Be sure to carry waterproof overalls or you will find yourself sneakily changing inside the questionable privacy of your car’s backseat! A few minutes of drive from the first fall, you come across the picturesque Skógafoss, the one which showcases double rainbows on sunny days due to the sheer amount of water sprays it creates around it. The waterfall tumbles down over the cliff of the former coastline, which has now receded further into the ocean allowing visitors to stand in front of the fall and appreciate its magnanimity. We took a climb up to the Fimmvörðuháls pass running between the glaciers Eyjafjallajokull and Myrdafsjokull to see the source of the fall and to take a very windy stroll through the path that leads to the popular hiking destination of Thórsmörk (Yep you got it right, the Norse God Thor’s Valley, although sources confirm that he might not have been as good-looking as Chris Hemsworth!). The next spot we attempted was the Dyrholaey Arch viewpoint. We skipped the Sólheimasandur beach (aka the desolate plane wreck beach) which was on our way to the Dyrholaey due to worsening weather conditions and because none of us were too keen to walk 8-km round-trip in the rain and storm just for a photo with a wrecked plane. Instead, we decided to eventually visit the black sand beach by the town of Vik which was more easily accessible by car. Now the black sand beach is a rare spectacle of nature, which we wouldn’t miss for anything. Why I say we ‘attempted’ the Dyrholaey arch viewpoint is another story. By the time we reached the exit for the viewpoint, the winds and rain had gotten furious. The muddy path for cars to the top of the hill was more suitable for 4×4 cars than it was for our considerably tiny station wagon.

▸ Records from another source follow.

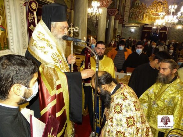 Εν συνεχεία ο Σεβ. Ποιμενάρχης απένειμε το οφφίκιο του Οικονόμου στον εφημέριο του Ι.Ν Οσίου Νίκωνος π. Κωνσταντίνο Σκάλτσα, μιλώντας με επαινετικά λόγια για τη μόρφωσή του, αφού είναι θεολόγος, το εκκλησιαστικό ήθος του, την αφοσίωση στη διακονία του και την πολυμελή χριστιανική οικογένεια που έχει δημιουργήσει. Παράλληλα υπογράμμισε ότι το επιγονάτιο που λαμβάνει ο Οικονόμος συμβολίζει την πετσέτα με την οποία ο Χριστός σκούπισε τα πόδια των μαθητών Του κατά το Μυστικό Δείπνο και υπενθυμίζει στους κληρικούς την ανάγκη για ταπεινοφροσύνη.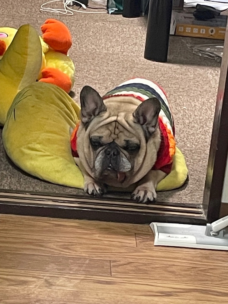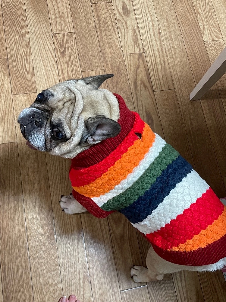この時期はお散歩とか部屋の中とか寒いから犬にもあったかい服着せる家が多いみたい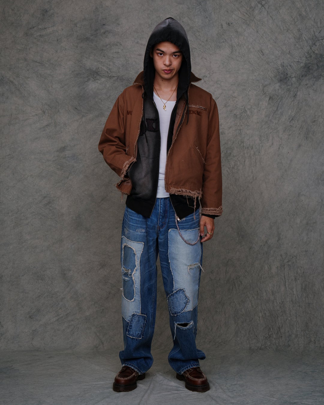 第1弾となる2024年秋冬シーズンは、ヴィンテージ調のサンフェード加工をあしらったセットアップや、袖や裾にボロ加工を施したワークジャケット、ウォッシュ加工の後付けフーディーなどヴィンテージ風にリバイバルしたデザインを展開。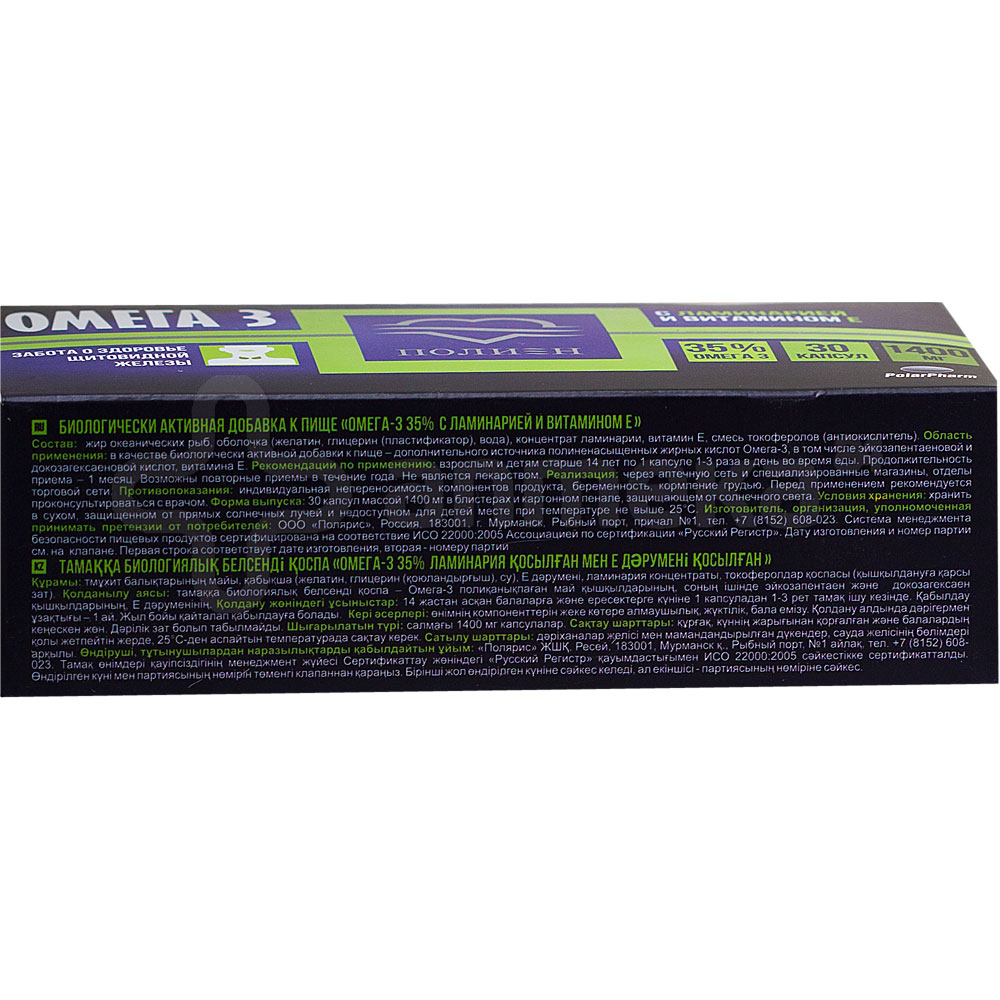 "Полиен" Омега-3 с ламинарией и витамином Е: способствует нормализации функций щитовидной железы способствует улучшению работы эндокринной системы способствует поддержанию нормального обмена веществ в клетках организма "Полиен" Омега-3 — полезная привычка для вашего здоровья .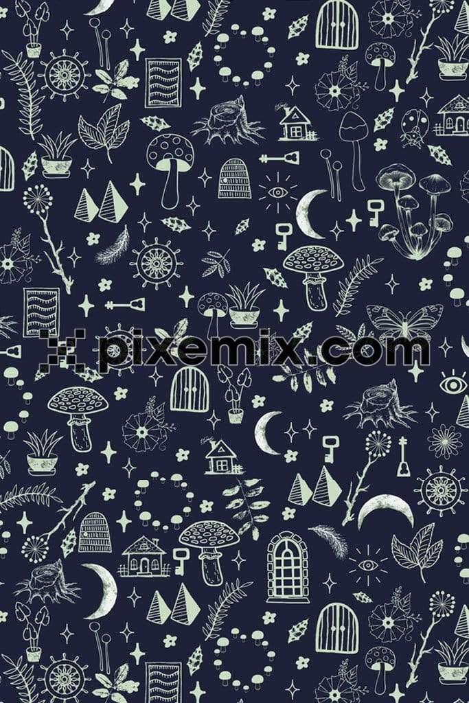 Produktgrafiken mit Pilzen und Blättern und nahtlosem Wiederholungsmuster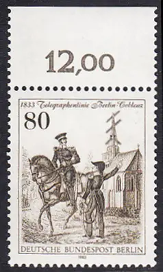BERLIN 1983 Michel-Nummer 693 postfrisch EINZELMARKE RAND oben (b) - Telegraphenlinie Berlin-Coblenz

We still decided to give it a try and after some fifteen minutes of careful navigation by the driver (and anxious duahs by the passengers), we made it to the top. As soon as one of us opened our car door, a violent wind destructively flung it open. We figured none of us had the body mass to withstand the push of that gale and we readily shuffled back into the car to make our way a few kilometers down to Vik I Myrdal and wait a while for the weather to calm down before getting to the black sand beach.

On reaching Vik I Myrdal, the quaint southernmost sea-facing village of Iceland, we settled for lunch at a fuel station with gorgeous views of the Reynisdrangar rock formations on the sea just off the shore. Vik is also the perfect place to top up your tank if you are visiting further east as fuel stations are very few and far between.

All fuel stations in Iceland we had come across had both ready and prepared meals. You will get a few vegetarian options, if not fish, on all stations. Once the wind and rain calmed down, we took a stroll along the famous Reynisfjara Black Sand Beach of Vik. Witnessing the unique volcanic beach makes you wonder if you’re still on planet Earth.

We had to battle some deadly wind to stroll through the beach but being ‘blown away’ (pun intended) is part of your Icelandic experience. A beautiful aluminum sculpture, The Voyages Friendship Statue, stands at the edge of the beach at Vik paying tribute to the heroic Icelanders who make their living at the menacing sea and the families who fear they will not return.

Bidding goodbye to the peaceful village of Vik and its iconic white Reyniskirkja church, we decided to call it a day and drove back westward to find our farm stay at the snow-covered village of Stora Mork III. It would have been a lot more convenient if we could find accommodation at Vik itself, however, due to delayed booking, the prices had skyrocketed for our dates and we were forced to drive opposite to our route plan for the night.